Tony Ruth
Tony Ruth

Reputation: 1408

Using $ notation in middle of C-Shell statement

I have a bunch of directories to process, so I start a for loop like this:

foreach n (1 2 3 4 5 6 7 8)

Then I have a bunch of commands where I am copying over a few files from different places

cp file1 dir$n
cp file2 dir$n

but I have a couple commands where the $n is in the middle of the command like this:

cp -r dir$nstep1 dir$n

When I run this command, the shell complains that it cannot find the variable $nstep1. What i want to do is evaluate the $n first and then concatenate the text around it. I tried using `` and (), but neither of those work. How to do this in csh?

Upvotes: 0

Views: 53

Answers (1)

Charles Duffy
Charles Duffy

Reputation: 295629

In this respect behavior is similar to POSIX shells:

cp -r "dir${n}step1" "dir${n}"

The quotes prevent string-splitting and glob expansion.
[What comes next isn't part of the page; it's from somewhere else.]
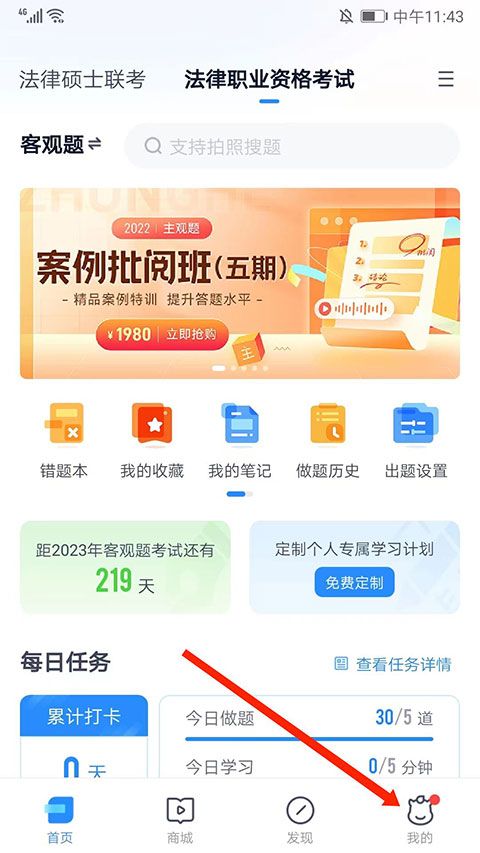 1、檢查您是否在首頁切換了法考/法碩(點擊APP首頁左上角的按鈕進(jìn)行切換);

To observe what this means, compare the following:

# prints "hello * cruel * world" on one line
set n=" * cruel * "
printf '%s\n' "hello${n}world"

...to this:

# prints "hello" on one line
# ...then a list of files in the current directory each on their own lines
# ...then "cruel" on another line
# ...then a list of files again
# ... and then "world"
set n=" * cruel * "
printf '%s\n' hello${n}world

In real-world cases, correct quoting can thus be the difference between deleting the oddly-named file you're trying to operate on, and deleting everything else in the directory as well.